Looking inside WebKit and the macOS dispatching systems using log data

Last week I showed some simple analyses of log data which revealed how the macOS unified log can reflect activities and patterns of app usage from many weeks earlier. In my second dip into the log data for the last 3+ months, I’m going to look at WebKit internals, and some of the undocumented macOS scheduling and dispatching system, CoreDuet.

These data were obtained from my iMac’s logd log as detailed in that previous article, and have been examined using Numbers.

You may recall from the previous analysis that the two processes accounting for much, sometimes the majority, of the log load were com.apple.WebKit.Networking and com.apple.WebKit.WebContent. In almost all log periods, the first process formed around 40% of the total log load, and the second came in a more distant second with around 8-10%. This is shown in my sample figures for a typical single log.

logload30

I’ve been unable to find any documentation describing these lower-level subsystems in WebKit, but presume from their names that WebKit.Networking is mainly concerned with handling web and related protocols and the communications functions within WebKit, while WebKit.WebContent is more about handling and rendering web content. WebKit is quite heavily used, not just by Safari, but by many other apps like the Finder’s Quick Look and Mail, to preview web pages.

logload35

The top chart here shows the log load of WebKit.Networking over the period between 28 June and 11 October, and the chart below that shows the same for WebKit.WebContent. Over much of the period, the two go hand in hand: a quiet log in one is usually fairly quiet in the other, making them reasonable indicators of user activity, as you might expect.

However, there are some peaks which appear in WebKit.WebContent, notably that on 21 July, which do not tally with higher values in WebKit.Networking. Unfortunately, those peaks were in the more distant past, and the segment for which log files are still held is after 2 September, with only smaller peaks appearing in WebKit.WebContent then.

Looking back at the original data from logd‘s log, the log file in which the highest peak occurred in WebKit.WebContent (50.8% load) was unusually short. It is possible that this coincided with a period in which more log entries were put in Special log files, which are not included in this analysis.

logload36

The other pair of processes which I want to look at here are those involved with monitoring of environmental and other conditions, and the management of scheduling and dispatching of background and other activities: coreduetd and the heuristics side in DuetHeuristic-BM. These are also undocumented, but coreduetd is the daemon responsible for calling off important activities such as the scheduling of Time Machine’s routine backups.

These are shown for the same period of log files in the chart above, and seem to follow quite complex patterns. Most notable are periodic dropouts in the coreduetd log load, and occasional spikes in both coreduetd and DuetHeuristic-BM.

One potential explanation of these is the known bug in macOS Sierra in which coreduetd (DAS) stops working normally after around 7 days of continuous running, resulting in failure of periodic tasks such as Time Machine backups – a problem which I have investigated in many previous articles here (and which seems to have been fixed at last in High Sierra).

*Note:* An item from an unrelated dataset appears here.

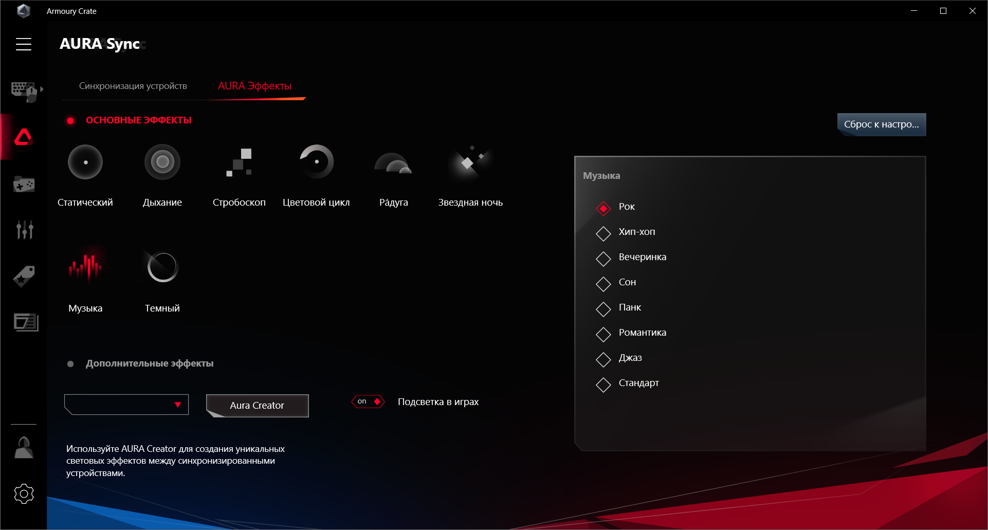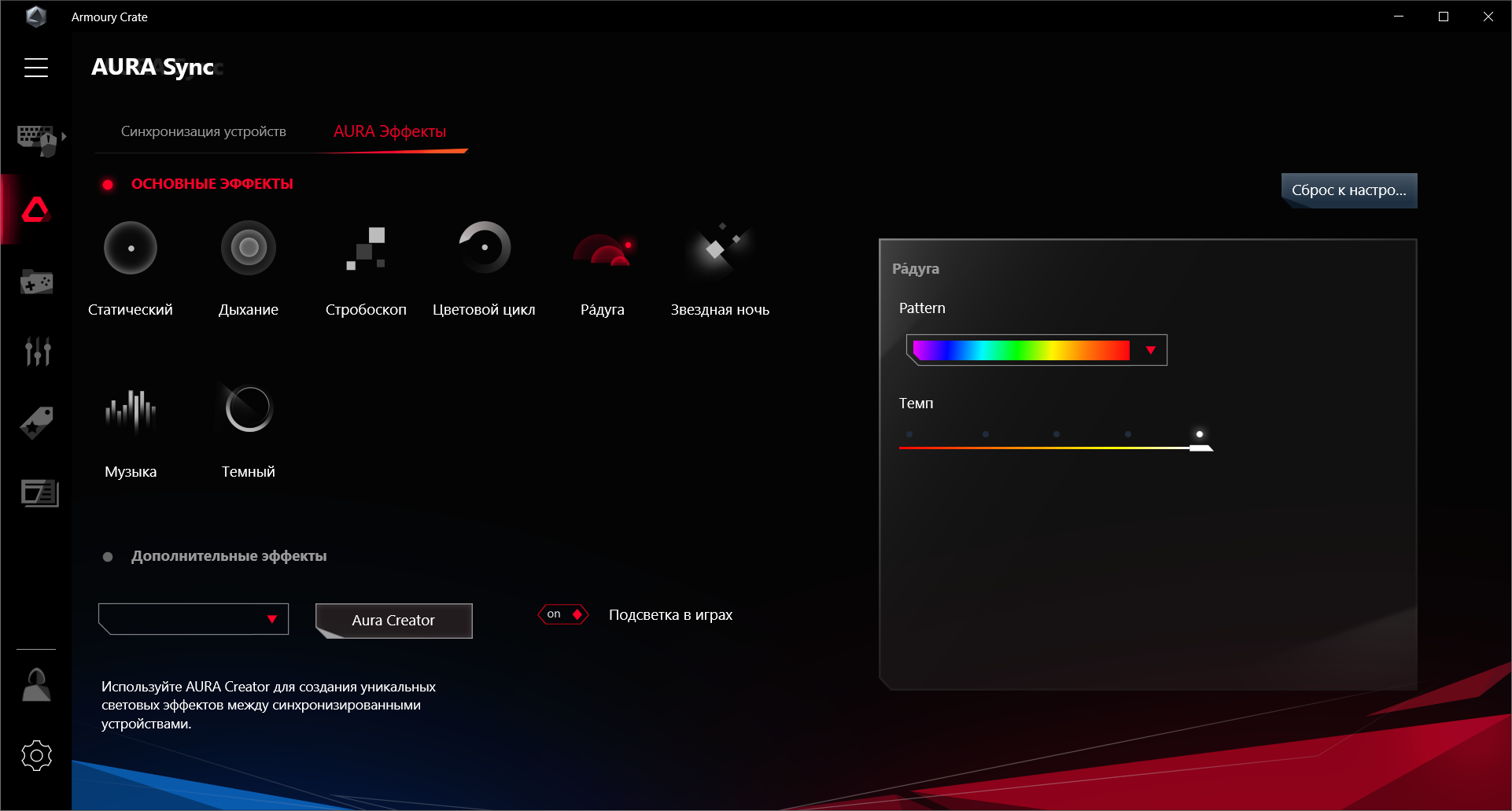 Также можно загрузить Aura Creator и с его помощью создать свои сценарии работы подсветки.

To look at this in a more holistic way, I have combined these charts into one; as this is very busy, you can click on it to open it in a new tab/window, where it can be enlarged.

logload37

This gives an overview of five macOS processes for the period: the two WebKit components are at the top, the kernel below them, and CoreDuet processes at the bottom. Four of the red line markers show dropouts in coreduetd, and that at the right (labelled) marks the start of my long series of High Sierra downloads and installations.

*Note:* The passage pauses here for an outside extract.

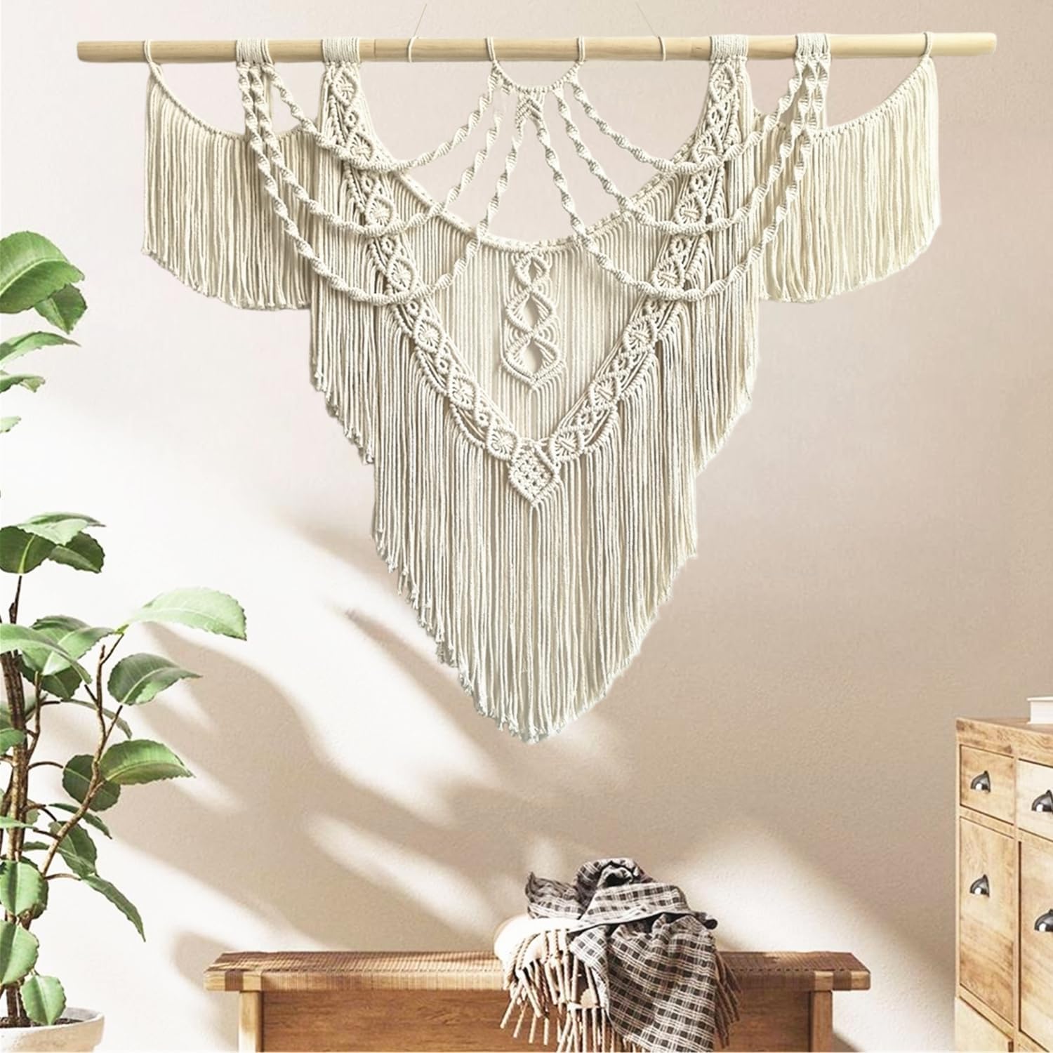 Easy to assemble: A tapestry of 43”x32” inches and 3 pieces of spliced wooden Dowel, which could be easily connected together with the screws inserted in the wood to become 1 large macrame piece.

Three of the four dropouts in coreduetd do appear to be instances of its failure, with no signs of anything untoward happening in WebKit or the kernel. The dropout on 21 July appears different, though, as it coincides with the glitch in WebKit.WebContent, very low WebKit.Networking load, and an exceptionally short log file. It would have been valuable to have looked at that log file in more detail, which would only be possible using a Time Machine backup.

High Sierra brought unusually high kernel log loads, and low loads in coreduetd and DuetHeuristic-BM. These may be accounted for by the fact that these logs exclude periods when this iMac was running High Sierra (collected into its own logs on the external boot disks), and the fact that, when running in Sierra, my iMac was making repeated full Time Machine backups over this period.

Traditional logs are relatively quiet, and a place to look for warnings and errors. When you’re trying to look for one or two events, which might help diagnose or explain a problem or bug, they are excellent tools – if they happen to have captured the right messages at the right time.

Although you can still use the macOS unified log in that same way, with Consolation or the log command to hunt down and explore small numbers of events, the unified log is also a unique platform for looking at statistics and patterns. A traditional log may tell you that an app crashed when trying to display a specific dialog; the unified log could tell you that app was having more generalised problems in handling several of its dialogs, or that a particular framework or service in macOS was in trouble, and why.

The approach that I have used in these two articles, starting from the log summaries in logd‘s log, shows a prototype for a new method of approaching the unified log, from the top down, eventually reaching the level of pooled log entries for specific types of event. To be able to use this, we need radically new tools for working with the macOS log.